§ RECORDS FOR THIS EXERCISE
*** Begin section ***

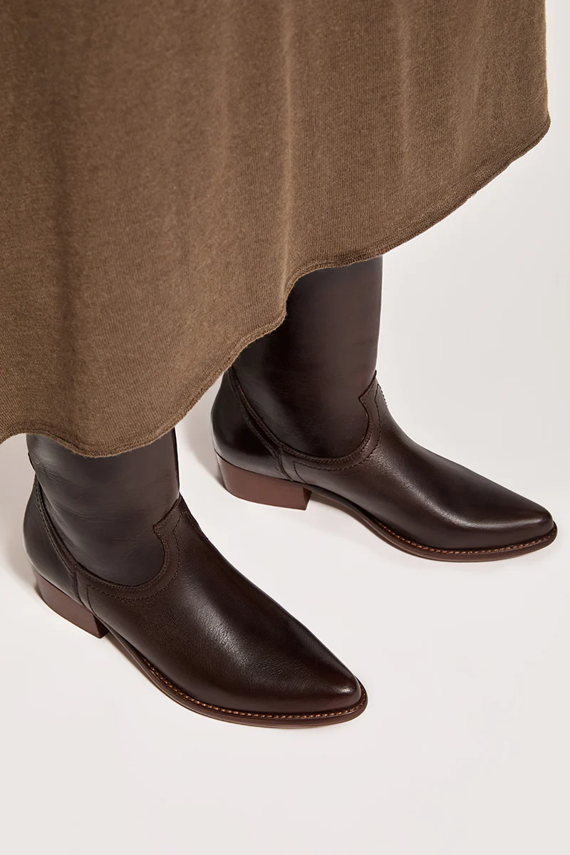 Bota cowboy clásica y atemporal terminada en punta con tacón angulado.
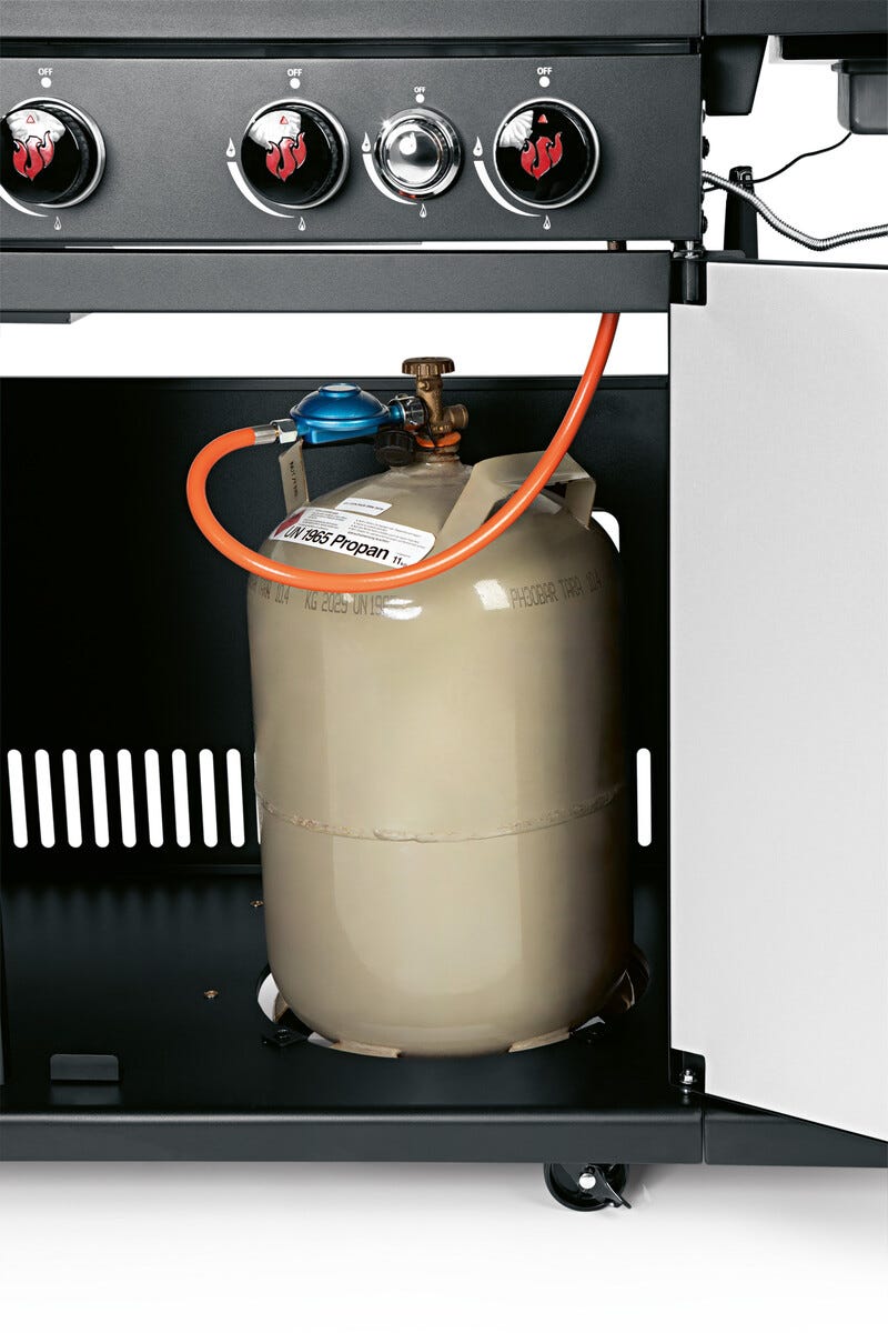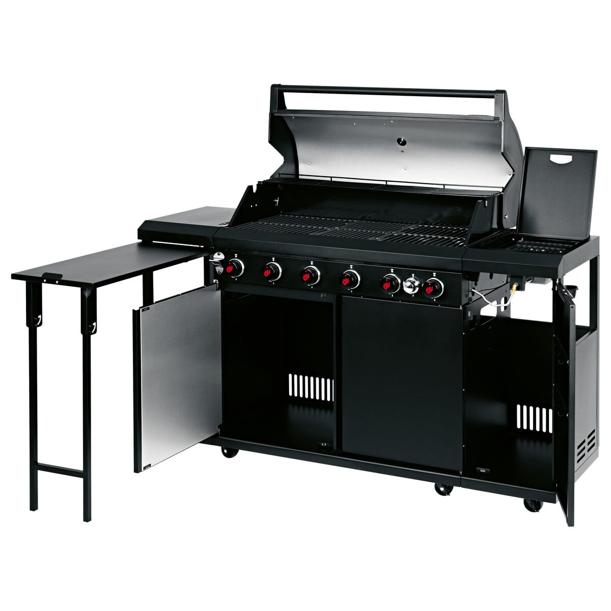 • Stor grill med 6 gassbrennere på 3,5 kW for jevn varme over hele grillen.
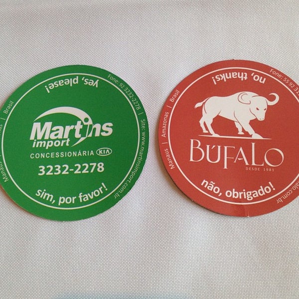 Where I grew up in Brazil they had steakhouses where all you had to do to indicate whether you wanted the food they brought out, was to flip a little card to the green or red side to indicate yes or no. Like this.
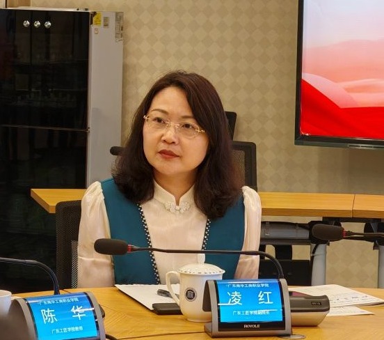 交流会上,广东工匠学院副院长凌红代表学院对中建八局一行的到来表示热烈欢迎。她重点介绍了广东工匠学院的历史发展、学历教育和非学历培训方面的业务,以及肩负广东南华工商职业学院产教融合的任务和使命。她介绍,广东工匠学院经过实践探索,已确立产业工人思想政治引领、服务制造业高质量发展,促进数字化转型三大发展主线,创新构建“政工校行企”五方协同机制,通过职业教育与产业需求的深度对接,持续深化产教融合实践。
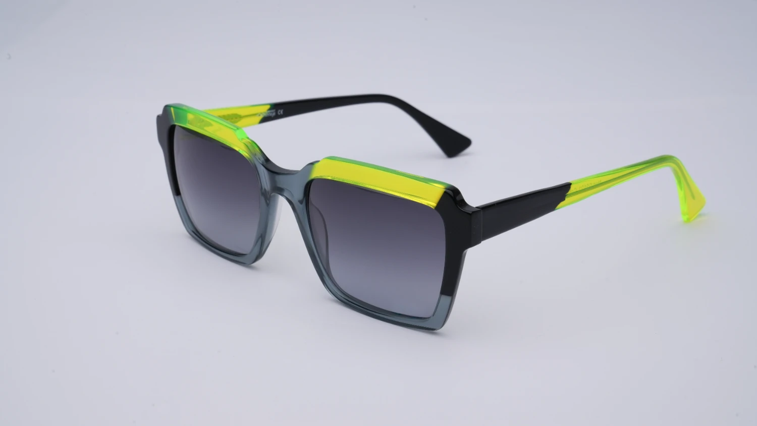 Oprawa okularowa reprezentująca wielokolorową kolekcję opraw okularowych i okularów przeciwsłonecznych marki Ghosteye Eyewear Radosława Wiktorowicza. Wielobarwność, przepiękna paleta barw i wyjątkowe kobiece formy to cechy rozpoznawcze marki. Prezentowany model to propozycja zarówno dla kobiet jak i dla mężczyzn poszukujących intrygujących zestawień kolorystycznych. Lekko transparenty grafit w połączeniu z limonkową zielenią tworzy ciekawy duet. To model dla osób szukających efektownej, radosnej i niecodziennej stylizacji. Oprawa będzie dobrze komponować się z różnymi kształtami twarzy. Produkt wykonany jest z wysokiej jakości acetatu i wyprodukowany w wąskiej, limitowanej ilości. Do okularów dołączone etui i ściereczka z mikrofibry.
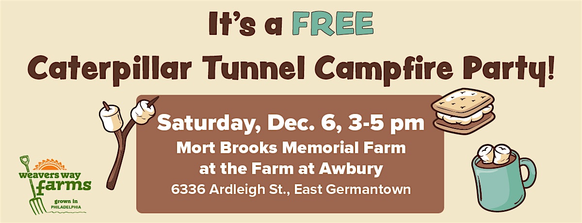 Get ready to cozy up by the campfire, roast some marshmallows, and enjoy a night of fun at Weavers Way Farm - it's gonna be lit!Join the Weavers Way Farm Team at our Mort Brooks Memorial Farm site for some fire-side sharing about how we are using our new “caterpillar tunnel” hoop houses to extend our growing season and grow food through the winter. Camp fire, smores and hot-chocolate will be provided. This event is FREE. Please consider bringing your own chair and plenty of warm layers. ALL ARE WELCOME!WHERE? Mort Brooks Memorial Farm at The Farm At Awbury, 6336
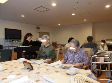 ピアノの生演奏に合わせて、春の歌や歌謡曲を歌いました。
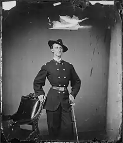 The 49th Massachusetts was assigned in late November 1862 to the Louisiana expedition of Maj. Gen. Nathaniel P. Banks. The aim of the expedition was to increase the number of Union soldiers in the Army Department of the Gulf and to conquer the few remaining Confederate strongholds on the Mississippi River, thus opening that waterway to the Union. Bartlett led his regiment during the Siege of Port Hudson in Louisiana in the spring of 1863. Due to the amputation of his leg, he was required to remain on horseback during battle, making him an easy target for Confederates.[4] During one of several assaults on Port Hudson on May 27, 1863, Bartlett was shot twice— a bullet shattered his left wrist, while buckshot struck his right leg. The regimental surgeon, Dr. Frederick Winsor, was able to remove the bullet and save his hand, but the wounds effectively removed him from command until the end of the 49th's term of service in September 1863.[4] Bartlett resigned his commission on September 1, 1863.[1]
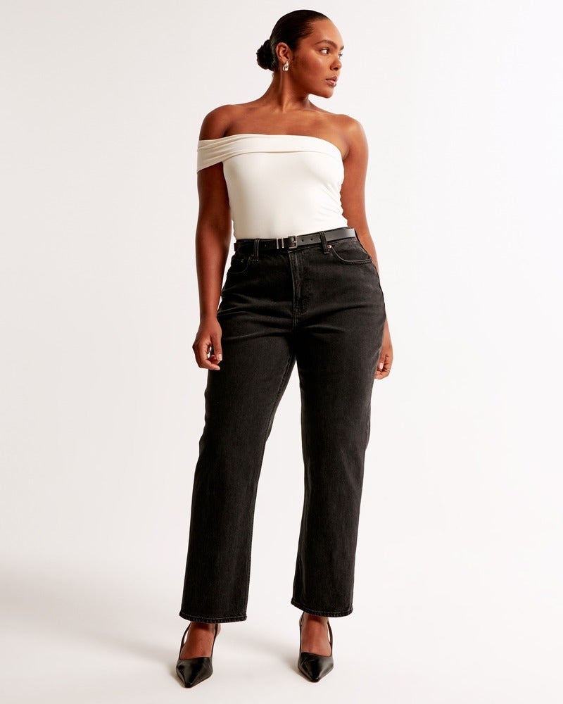 Abercrombie & Fitch Curve Love High Rise Vintage Straight Jean, $, available at Abercrombie & Fitch
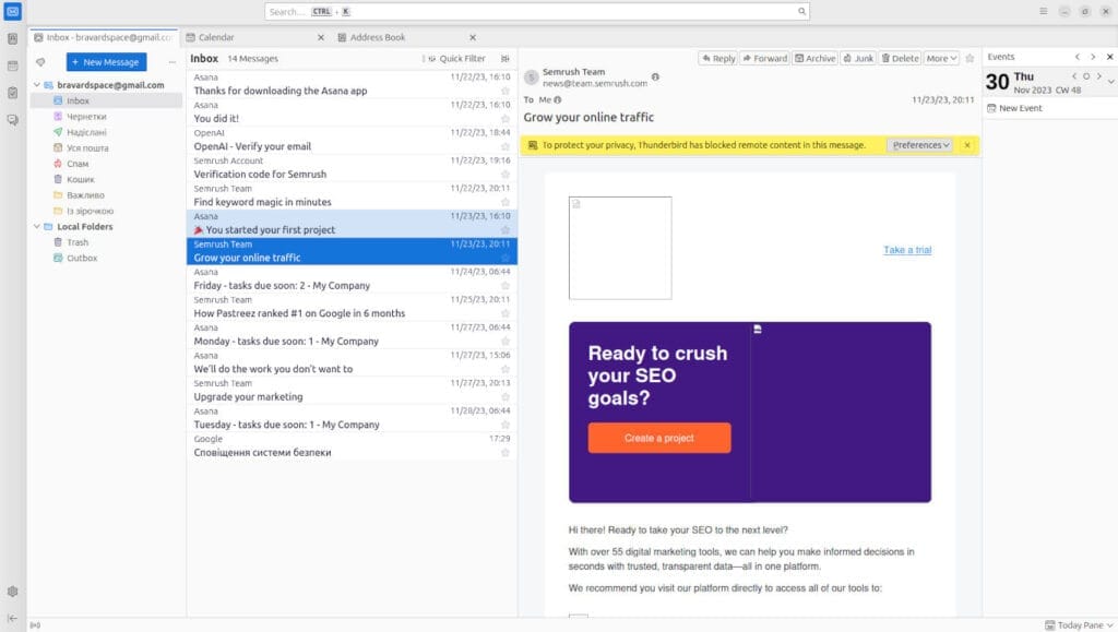 Інтеграція з календарем робить поштовий клієнт Thunderbird відмінним інструментом для тих, хто шукає повний набір функцій для ефективного управління як поштою, так і плануванням. Це стає особливо важливим для бізнес-користувачів та тих, хто активно веде свій графік.
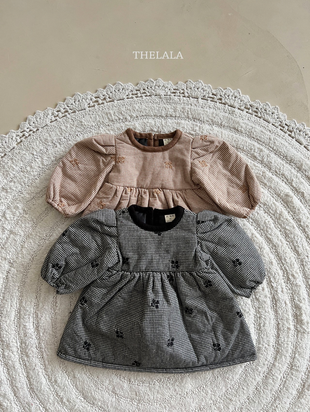 ❄️預訂 韓國直送❄️🇰🇷THELALA兩色花卉刺繡格紋泡泡袖連身裙
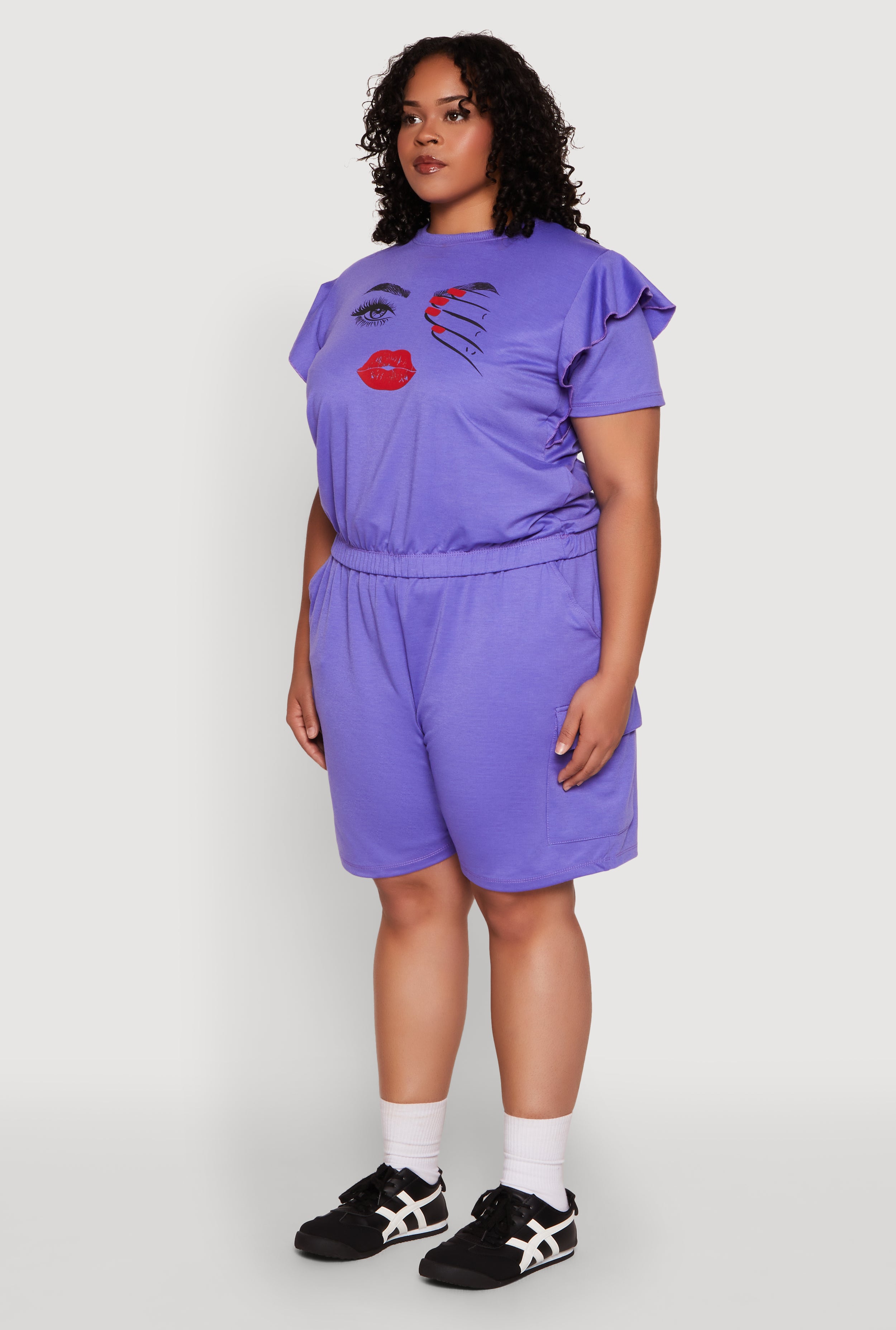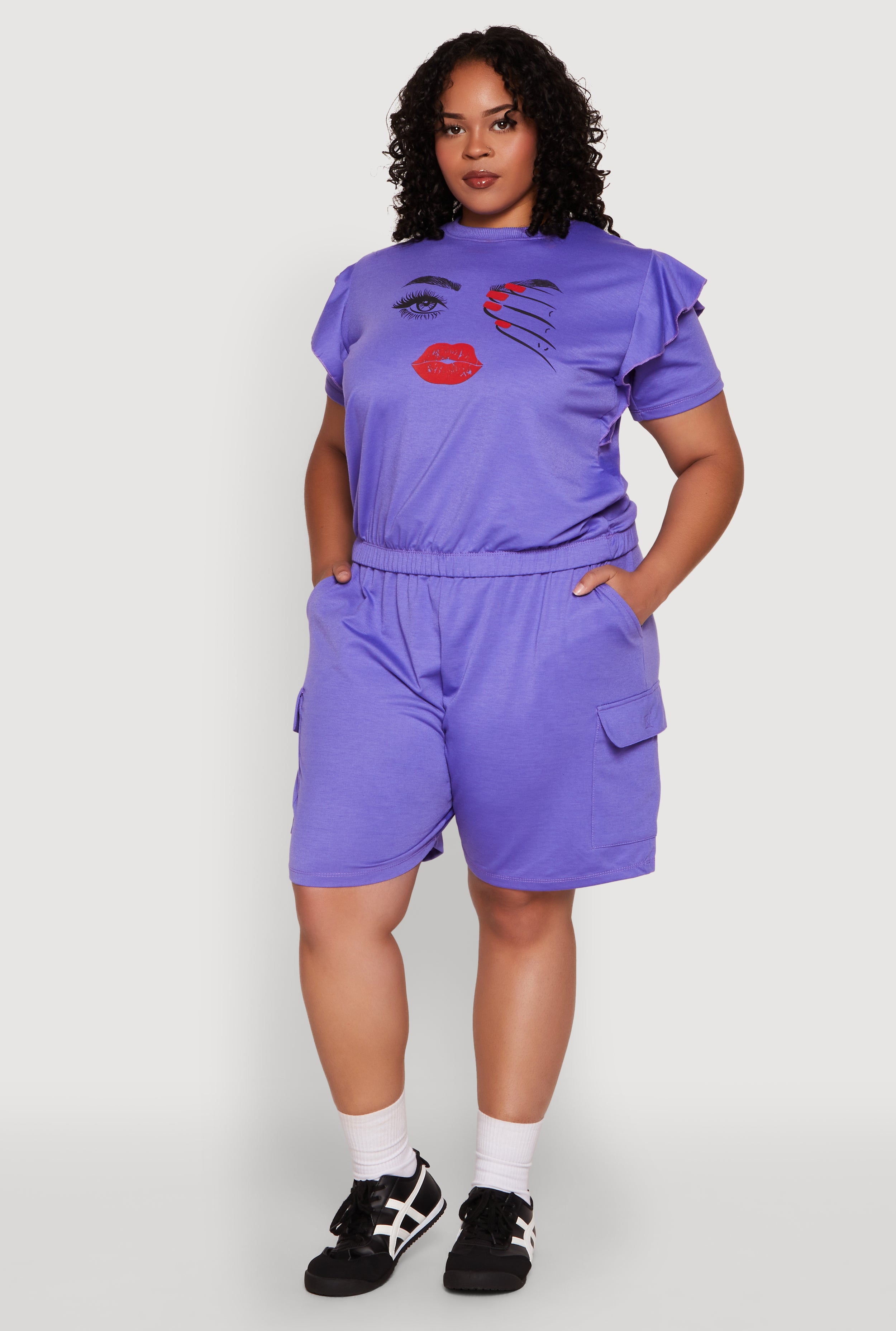 Get ready to turn heads with the Plus Size Tiered Ruffle Sleeve Face Graphic Top. This playful and comfy sweatshirt combines a bold face graphic with flirty tiered short sleeves and a classic crew neck. Made from soft French Terry fabric, it offers a timeless silhouette that’s perfect for casual days or fun sets. Plus, the elastic waist ensures a comfy fit that moves with you. Elevate your everyday wardrobe with this must-have piece that’s as stylish as it is effortless.
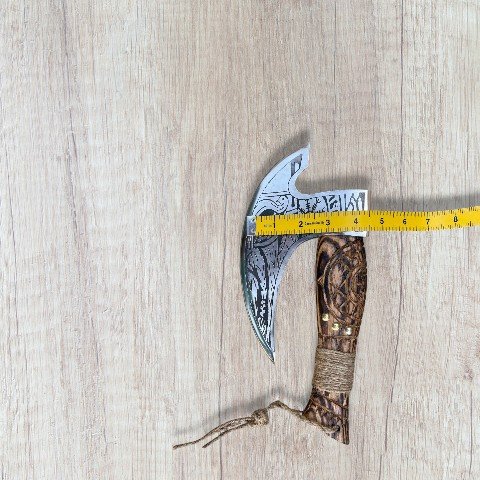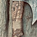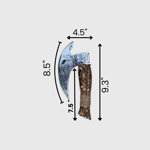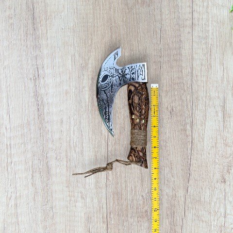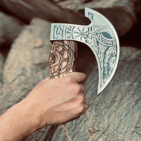 - Authentic Viking design with intricate engraved ash wood handle
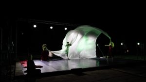 A partire da queste premesse, sono stati tantissimi gli aspetti emozionali che la compagnia Res Extensa ha cercato di rappresentare attraverso il movimento agli spettatori di Sennori: dall’espressione di gioia aglistati d’ansia, dall’ironia alla sensualità fino alla rappresentazione della tempesta con l’utilizzo di un grande lenzuolo di seta.

*** End section ***

§ THE PROBLEM
Everything in the material above should be reproduced exactly, except the pictures.

§ YOUR RESPONSE
 Bota cowboy clásica y atemporal terminada en punta con tacón angulado.
 • Stor grill med 6 gassbrennere på 3,5 kW for jevn varme over hele grillen.
 Where I grew up in Brazil they had steakhouses where all you had to do to indicate whether you wanted the food they brought out, was to flip a little card to the green or red side to indicate yes or no. Like this.
 交流会上,广东工匠学院副院长凌红代表学院对中建八局一行的到来表示热烈欢迎。她重点介绍了广东工匠学院的历史发展、学历教育和非学历培训方面的业务,以及肩负广东南华工商职业学院产教融合的任务和使命。她介绍,广东工匠学院经过实践探索,已确立产业工人思想政治引领、服务制造业高质量发展,促进数字化转型三大发展主线,创新构建“政工校行企”五方协同机制,通过职业教育与产业需求的深度对接,持续深化产教融合实践。
 Oprawa okularowa reprezentująca wielokolorową kolekcję opraw okularowych i okularów przeciwsłonecznych marki Ghosteye Eyewear Radosława Wiktorowicza. Wielobarwność, przepiękna paleta barw i wyjątkowe kobiece formy to cechy rozpoznawcze marki. Prezentowany model to propozycja zarówno dla kobiet jak i dla mężczyzn poszukujących intrygujących zestawień kolorystycznych. Lekko transparenty grafit w połączeniu z limonkową zielenią tworzy ciekawy duet. To model dla osób szukających efektownej, radosnej i niecodziennej stylizacji. Oprawa będzie dobrze komponować się z różnymi kształtami twarzy. Produkt wykonany jest z wysokiej jakości acetatu i wyprodukowany w wąskiej, limitowanej ilości. Do okularów dołączone etui i ściereczka z mikrofibry.
 Get ready to cozy up by the campfire, roast some marshmallows, and enjoy a night of fun at Weavers Way Farm - it's gonna be lit!Join the Weavers Way Farm Team at our Mort Brooks Memorial Farm site for some fire-side sharing about how we are using our new “caterpillar tunnel” hoop houses to extend our growing season and grow food through the winter. Camp fire, smores and hot-chocolate will be provided. This event is FREE. Please consider bringing your own chair and plenty of warm layers. ALL ARE WELCOME!WHERE? Mort Brooks Memorial Farm at The Farm At Awbury, 6336
 ピアノの生演奏に合わせて、春の歌や歌謡曲を歌いました。
 The 49th Massachusetts was assigned in late November 1862 to the Louisiana expedition of Maj. Gen. Nathaniel P. Banks. The aim of the expedition was to increase the number of Union soldiers in the Army Department of the Gulf and to conquer the few remaining Confederate strongholds on the Mississippi River, thus opening that waterway to the Union. Bartlett led his regiment during the Siege of Port Hudson in Louisiana in the spring of 1863. Due to the amputation of his leg, he was required to remain on horseback during battle, making him an easy target for Confederates.[4] During one of several assaults on Port Hudson on May 27, 1863, Bartlett was shot twice— a bullet shattered his left wrist, while buckshot struck his right leg. The regimental surgeon, Dr. Frederick Winsor, was able to remove the bullet and save his hand, but the wounds effectively removed him from command until the end of the 49th's term of service in September 1863.[4] Bartlett resigned his commission on September 1, 1863.[1]
 Abercrombie & Fitch Curve Love High Rise Vintage Straight Jean, $, available at Abercrombie & Fitch
 Інтеграція з календарем робить поштовий клієнт Thunderbird відмінним інструментом для тих, хто шукає повний набір функцій для ефективного управління як поштою, так і плануванням. Це стає особливо важливим для бізнес-користувачів та тих, хто активно веде свій графік.
 ❄️預訂 韓國直送❄️🇰🇷THELALA兩色花卉刺繡格紋泡泡袖連身裙
 Get ready to turn heads with the Plus Size Tiered Ruffle Sleeve Face Graphic Top. This playful and comfy sweatshirt combines a bold face graphic with flirty tiered short sleeves and a classic crew neck. Made from soft French Terry fabric, it offers a timeless silhouette that’s perfect for casual days or fun sets. Plus, the elastic waist ensures a comfy fit that moves with you. Elevate your everyday wardrobe with this must-have piece that’s as stylish as it is effortless.
 - Authentic Viking design with intricate engraved ash wood handle
 A partire da queste premesse, sono stati tantissimi gli aspetti emozionali che la compagnia Res Extensa ha cercato di rappresentare attraverso il movimento agli spettatori di Sennori: dall’espressione di gioia aglistati d’ansia, dall’ironia alla sensualità fino alla rappresentazione della tempesta con l’utilizzo di un grande lenzuolo di seta.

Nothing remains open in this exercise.